■ EXERCISE INSTRUCTIONS
Using the data that follows, return exactly the lines from the one that contains "2024初级经济师备考已开启" through the one that contains "Комплексний догляд для", ends included.

START THE RECORDS

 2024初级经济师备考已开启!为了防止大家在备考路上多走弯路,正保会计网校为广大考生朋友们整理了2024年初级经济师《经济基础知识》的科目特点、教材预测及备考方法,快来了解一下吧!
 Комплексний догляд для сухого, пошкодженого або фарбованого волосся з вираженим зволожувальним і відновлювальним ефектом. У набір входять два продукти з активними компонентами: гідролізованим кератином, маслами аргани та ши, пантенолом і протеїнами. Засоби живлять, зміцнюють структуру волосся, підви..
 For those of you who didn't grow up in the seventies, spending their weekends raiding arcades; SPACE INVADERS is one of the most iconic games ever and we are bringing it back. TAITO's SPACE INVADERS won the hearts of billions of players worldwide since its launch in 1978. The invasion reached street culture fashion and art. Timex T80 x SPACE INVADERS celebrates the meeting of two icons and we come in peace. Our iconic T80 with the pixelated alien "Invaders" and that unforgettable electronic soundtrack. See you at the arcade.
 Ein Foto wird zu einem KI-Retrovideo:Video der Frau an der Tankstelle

END THE RECORDS
START THE RECORDS

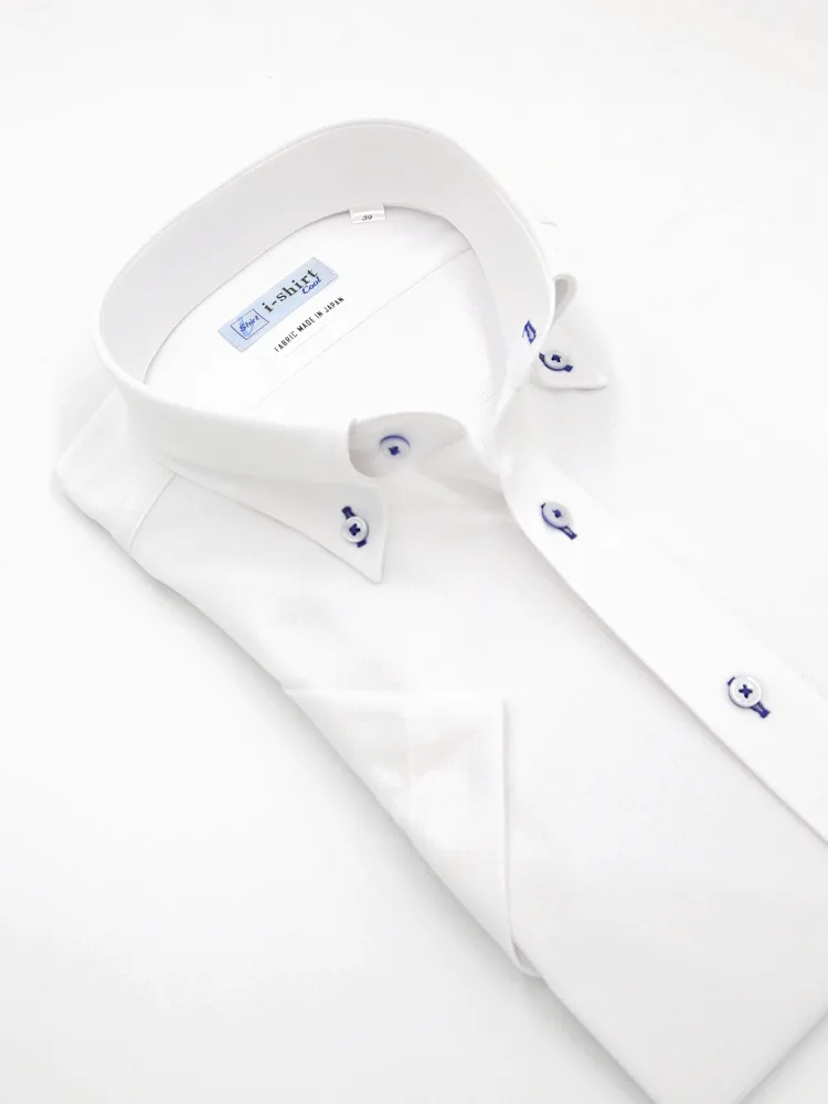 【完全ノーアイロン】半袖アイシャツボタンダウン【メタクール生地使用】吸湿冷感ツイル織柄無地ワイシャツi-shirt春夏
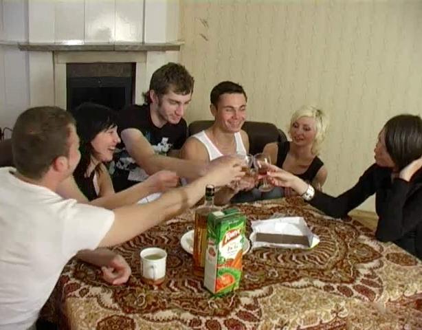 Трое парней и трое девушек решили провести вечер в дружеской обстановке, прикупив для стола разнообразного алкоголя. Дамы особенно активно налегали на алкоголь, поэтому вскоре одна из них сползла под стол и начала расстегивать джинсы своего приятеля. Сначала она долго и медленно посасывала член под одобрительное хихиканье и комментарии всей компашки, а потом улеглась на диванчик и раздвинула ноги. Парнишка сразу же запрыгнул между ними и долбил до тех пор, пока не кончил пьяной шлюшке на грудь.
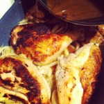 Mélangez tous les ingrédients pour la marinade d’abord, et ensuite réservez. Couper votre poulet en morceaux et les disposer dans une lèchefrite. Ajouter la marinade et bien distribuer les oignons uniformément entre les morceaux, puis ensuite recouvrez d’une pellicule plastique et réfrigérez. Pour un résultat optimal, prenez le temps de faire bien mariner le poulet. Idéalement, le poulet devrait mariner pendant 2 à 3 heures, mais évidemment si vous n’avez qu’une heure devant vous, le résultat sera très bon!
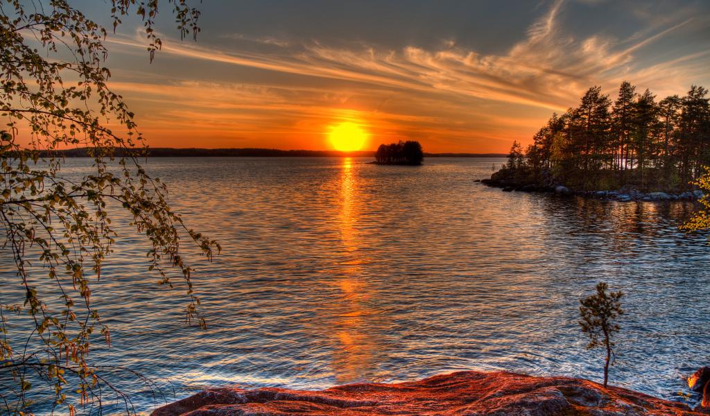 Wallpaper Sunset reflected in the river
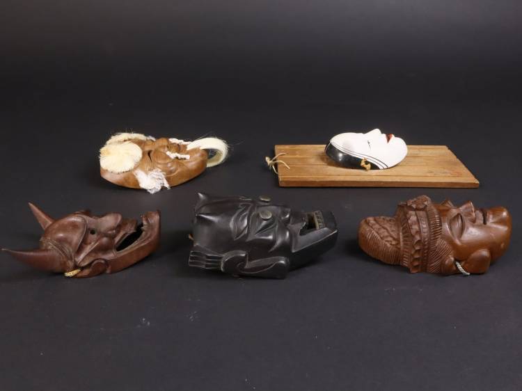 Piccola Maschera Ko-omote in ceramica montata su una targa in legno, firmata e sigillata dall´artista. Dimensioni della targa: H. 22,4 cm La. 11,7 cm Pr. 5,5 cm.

END THE RECORDS

■ SOLUTION TO THIS EXERCISE
 2024初级经济师备考已开启!为了防止大家在备考路上多走弯路,正保会计网校为广大考生朋友们整理了2024年初级经济师《经济基础知识》的科目特点、教材预测及备考方法,快来了解一下吧!
 Комплексний догляд для сухого, пошкодженого або фарбованого волосся з вираженим зволожувальним і відновлювальним ефектом. У набір входять два продукти з активними компонентами: гідролізованим кератином, маслами аргани та ши, пантенолом і протеїнами. Засоби живлять, зміцнюють структуру волосся, підви..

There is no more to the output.